“Ah went. Ah thought if Ca’line went, too, it might make an odd number. Ah told Mr. Anson that an old friend of the family had met with an accident and that you and Ca’line had gone to him.”
“That was nice of you!” said Nick, gratefully. “Then it’s all right, is it?”
“As far as Mr. Anson goes. But Ah do think.... Boy, you don’t know how you worry me.”
He looked at her, with quite his old smile.

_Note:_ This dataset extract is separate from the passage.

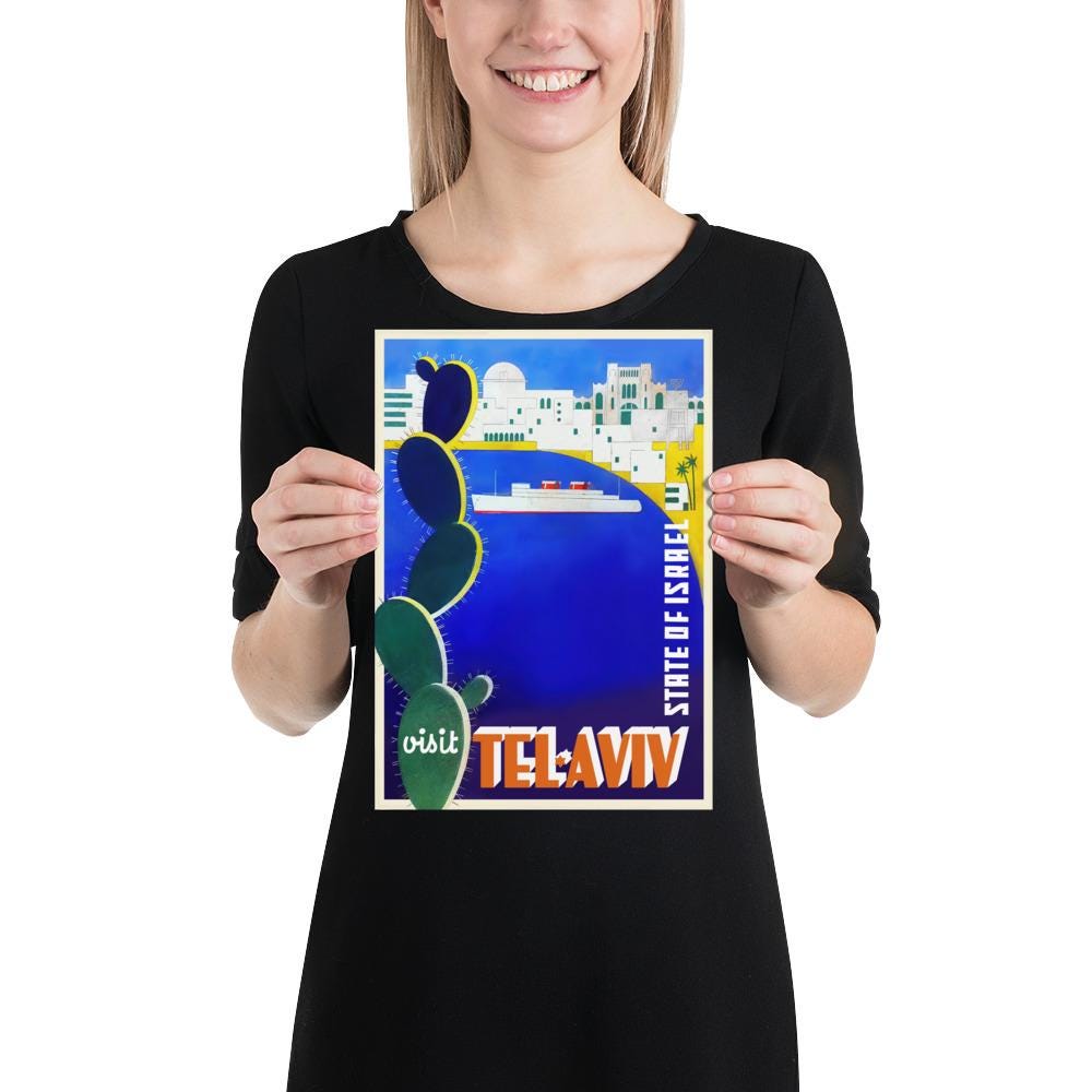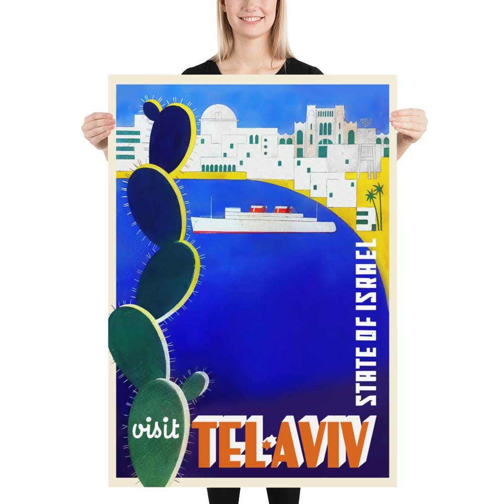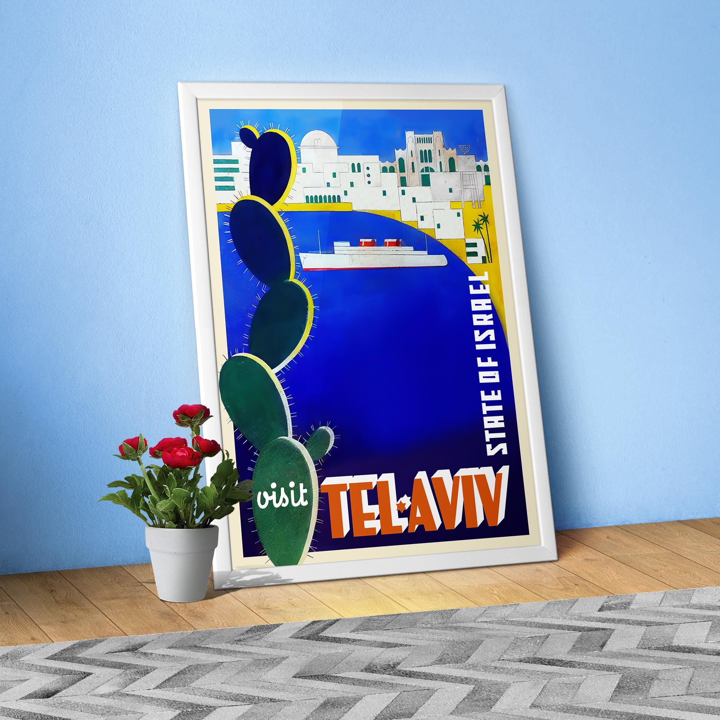 🌞 This original Visit Tel Aviv vintage poster from 1948 celebrates the birth of the State of Israel with vivid Mediterranean colors and modernist charm. Expertly restored and enhanced by our designers, this rare Tel Aviv travel print brings history, art, and optimism into your home. Perfect for collectors of vintage Israel posters, retro travel art, and mid-century design lovers.

“No!” he said. “I will not tell you! Not yet!”
II
It was the first time in years that he had stopped away from his office. But he was too sternly intent upon his new purpose to be able to think of anything else. He sat in his study, smoking a cigar, until it seemed to him a reasonable hour, and then set out.
He was very nervous; more so than he realised. And his descent into that old neighbourhood revived a hundred memories to oppress him. He fancied he saw her ghost, its arms full of bundles, running through Fourth Street....
“The best of her life wasted!” he said to himself, over and over. It gave him courage.
He needed courage, too. He was very much afraid of Lawrence; not, of course, in a physical sense, but because Lawrence had any number of mysterious advantages. Lawrence was blind and helpless, Lawrence was Rosaleen’s lawful husband, Lawrence was infinitely more sophisticated and subtle than himself.... A formidable adversary. He made no plan of what he should say; with such a person it was not possible, for you couldn’t know in what humour you would catch him. He resolved simply to keep his temper and to flinch at nothing.